أَوَلاَ يَعْلَمُونَ أَنَّ اللّهَ يَعْلَمُ مَا يُسِرُّونَ وَمَا يُعْلِنُونَ

 

“Bilmiyorlar mı ki Allah onların gizlediklerini ve açığa vurduklarını biliyor” (Bakara 2/77).

إِن تُخْفُواْ مَا فِي صُدُورِكُمْ أَوْ تُبْدُوهُ يَعْلَمْهُ اللّهُ

 

“... Biliniz ki Allah içinizden geçeni bilir...” (Al-i İmrân 3/29).

* Gaybı bilir.

 

الْبَرِّ وَالْبَحْرِ وَمَا تَسْقُطُ مِن وَرَقَةٍالاَّ يَعْلَمُهَا وَلاَ حَبَّةٍ فِي وَعِندَهُ مَفَاتِحُ الْغَيْبِ لاَ يَعْلَمُهَا إِلاَّ هُوَ وَيَعْلَمُ مَا فِي

ظُلُمَاتِ الأَرْضِ وَلاَ رَطْبٍ وَلاَ يَابِسٍ إِلاَّ فِي كِتَابٍ مُّبِينٍ

 

"Gaybın (görünmez bilginin) anahtarları O’nun yanındadır. Onları ancak O bilir. Karada ve denizde olanı bilir. Düşen yaprağı, yerin karanlıklarında olan taneyi, yaşı kuruyu –ki bunlar apaçık Kitap’tadır- ancak O bilir (En’âm 6/59).

*Rahimlerde olanı bilir.

 

اللّهُ يَعْلَمُ مَا تَحْمِلُ كُلُّ أُنثَى وَمَا تَغِيضُ الأَرْحَام وَمَا تَزْدَادُ

 

“Allah her dişinin neyi yüklendiğini ve rahimlerin neyi eksiltip artırdığını bilir...” (Râd 13/8).

*Yerde ve gökte olan her şeyi bilir.

 

يَعْلَمُ مَا يَلِجُ فِي الْأَرْضِ وَمَا يَخْرُجُ مِنْهَا وَمَا يَنزِلُ مِنَ السَّمَاء وَمَا يَعْرُجُ فِيهَا

 

“...Yere gireni, ondan çıkanı, gökten ineni ve ona çıkanı bilir...(Hadîd 57/4).

 

أَلَا يَعْلَمُ مَنْ خَلَقَ وَهُوَ اللَّطِيفُ الْخَبِيرُ

 

“Yaratan bilmez mi? O latiftir, haber alandır” (Mülk 67/14).

Kur'ân'da pek çok âyette Allah'ın ilminden söz edilmektedir. Allah kâinatta olan her şeyi bildiği gibi insanın ne düşündüğünü, ne yapacağını ve nasıl hareket edeceğini önceden bilir. Kaza ve kaderi Allah'ın bu  engin ilmine göre değerlendirmemiz gerekmektedir.

       

            İRADE

 

Sözlükte istek, arzu, emir ve güç gibi manalara gelen irade; bir şeyi yapma veya yapmama gücüne sahip olan hayat sahibinin bu iki şıktan birini kendi isteğiyle seçmesi, ya da düşüncenin ortaya koyduğu bir gayeye doğru yönelmesi demektir. Bu tarif, Allah’ın ve kulun iradesini kapsamaktadır. Cenab-ı Hakk’ın iradesine “küllî irade”, kulun iradesine ise “cüz’î irade” denir.

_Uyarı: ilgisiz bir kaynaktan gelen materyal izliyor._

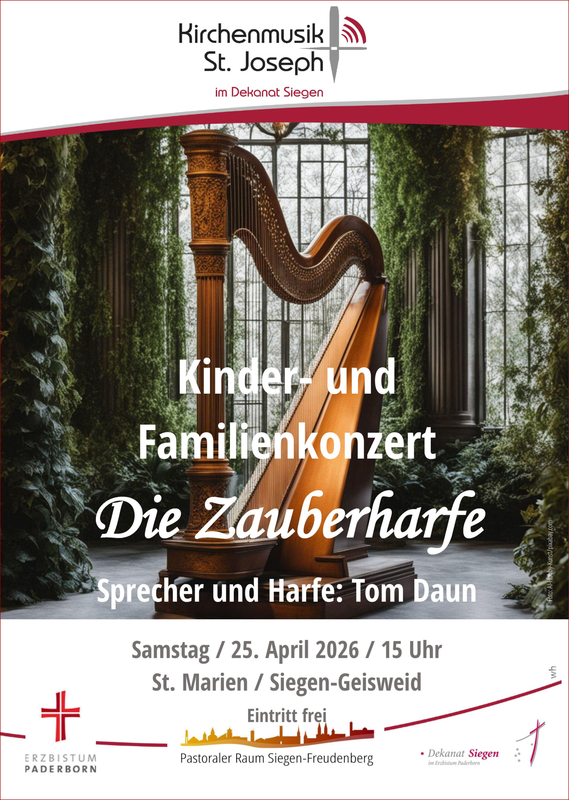 Unter dem Motto „Die Zauberharfe – Märchen, Mythen und Melodien eines Instrumentes“ führt am Samstag, 25. April um 15 Uhr in St. Marien, Geisweid der Harfenist Tom Daun in die Zauberwelt seines Instruments ein. Seit alten Zeiten berührt der Klang der Harfe die Menschen. Unzählige Mythen und Märchen ranken sich um das Instrument: rätselhafte Erzählungen aus der keltischen Tradition, ein buddhistisches Gleichnis, Legenden des Mittelalters, romantische Märchen von Prinzessinnen und Musikanten, wahre und erfundene Geschichten über die magische Wirkung des Harfenklangs. Tom Daun erzählt einige der schönsten dieser Märchen und spielt auf der Harfe. Der Eintritt zu diesem Kinder-und Familienkonzert ist frei.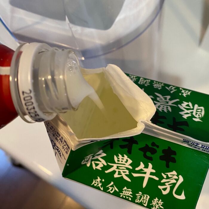 新品の牛乳パックから、追加で投入するヨーグルト分の牛乳をとり出し、お好みのヨーグルトを投入。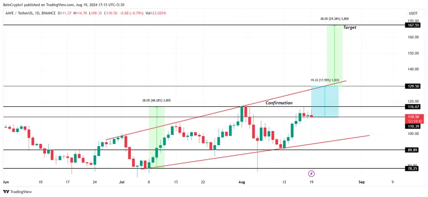 Si bien el precio de AAVE no está al borde de una ruptura, está en camino de notarlo en los próximos días. AAVE, que actualmente se negocia a 110 dólares, está buscando una posible ruptura de la cuña ascendente cada vez más amplia si logra repetir el rally del 20% de la semana anterior.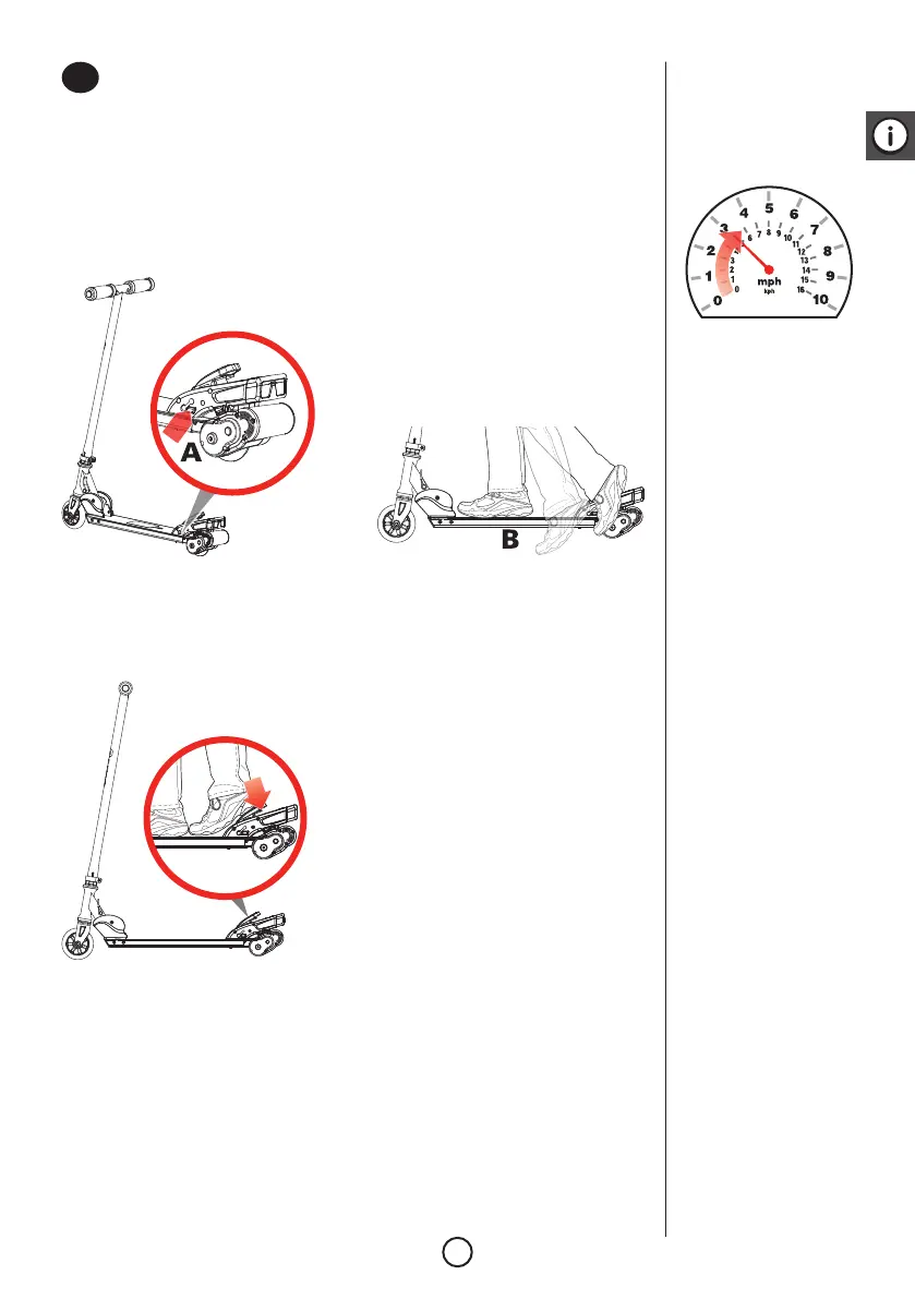 Still deg på scooteren og plasser begge hendene på styret. Spark fra for å starte (B).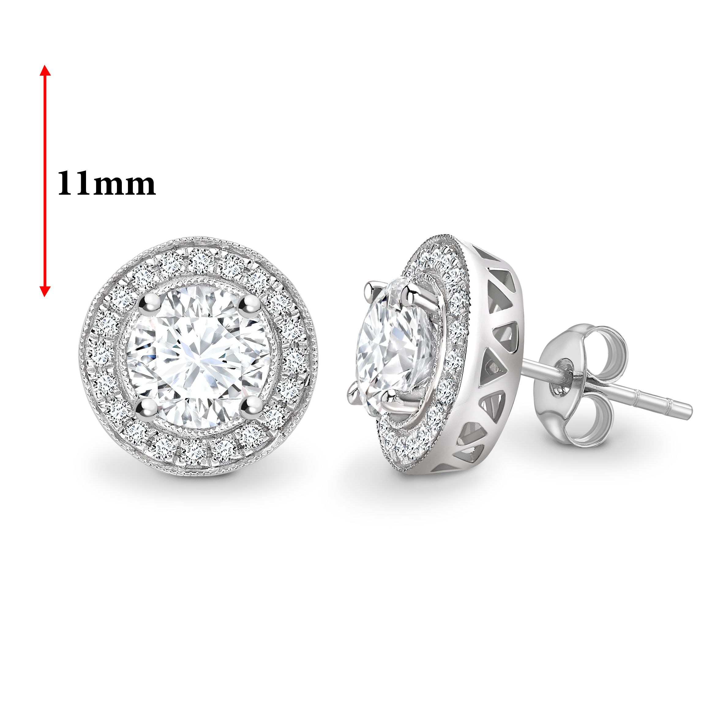 Glamorous Milgrain Edge Solitaire Halo Earstuds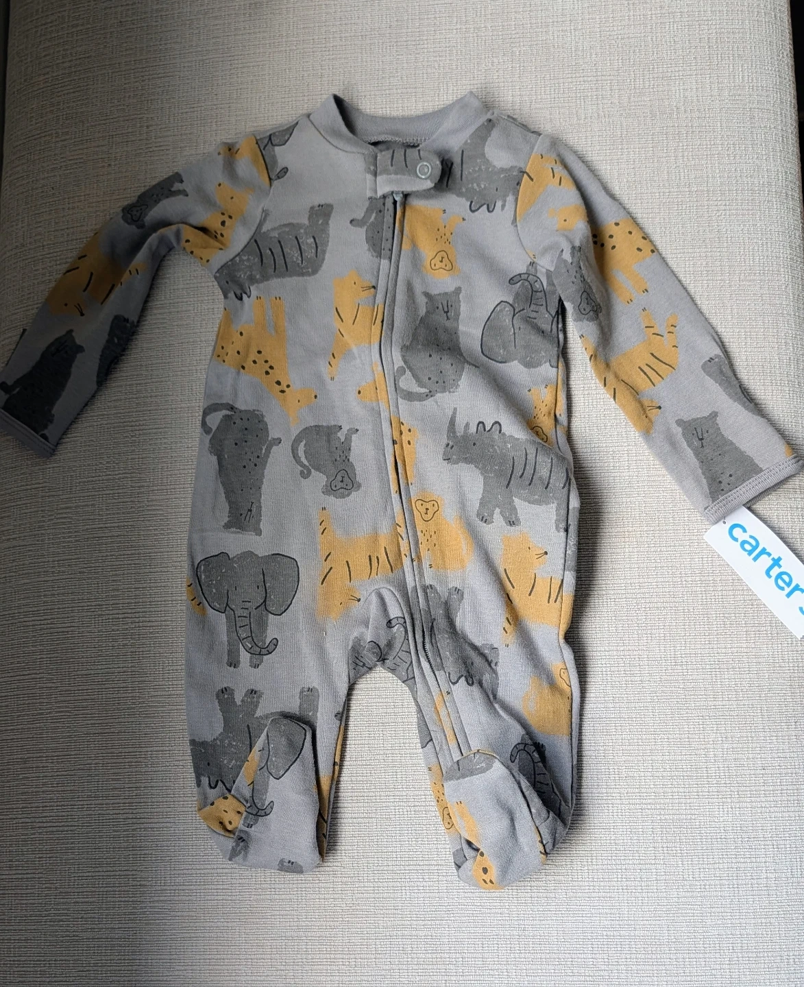 Carter's baby sleepsuit in a 3-month size with a cute animal print. It features a 2-way zipper for easy changes. Made from soft fabric for comfy wear. Perfect for everyday use or bedtime!

İnsanın iradesi, akıl, bilgi, inanç ve düşünce kabiliyetine göre şekillenir.

Allah’ın sübutî sıfatlarından biri iradedir. Allah'ın iradesi; O'nun dilediğini, dilediği anda ve dilediği şekilde yapması demektir.

*Allah dilediğini yaratır.

 

اللّهُ يَخْلُقُ مَا يَشَاء

 

  “Allah dilediğini yaratır” (Al-i İmran, 3/47).

Peygamberimiz (a.s.), “Allah’ın dilediği olur, dilemediği olmaz” buyurmuştur.[7]

           

وَمَا تَشَاؤُونَ إِلَّا أَن يَشَاء اللَّهُ

 

            “Sizler ancak Rabbinizin dilemesi (izin vermesi) sayesinde (bir şeyi) dileyebilirsiniz…” (İnsan,76/30).

Gerek insanların bir şeyi yapıp yapamamaları, gerekse kâinatta olup bitecek her şey, Allah’ın izni ve iradesine bağlıdır. Kâinatta bulunan veya yaratılacak olan her şey, Allah’ın izni, dilemesi, istemesi, takdiri ve yaratması ile olur. Allah, izin vermeden hiçbir şey vücut bulamaz (Nisâ, 4/64. Enfâl, 8/66).

* Dilediğini yapar. ان الله فعال لما يريد  "Şüphesiz Allah dilediğini yapandır" (Hûd, 11/107).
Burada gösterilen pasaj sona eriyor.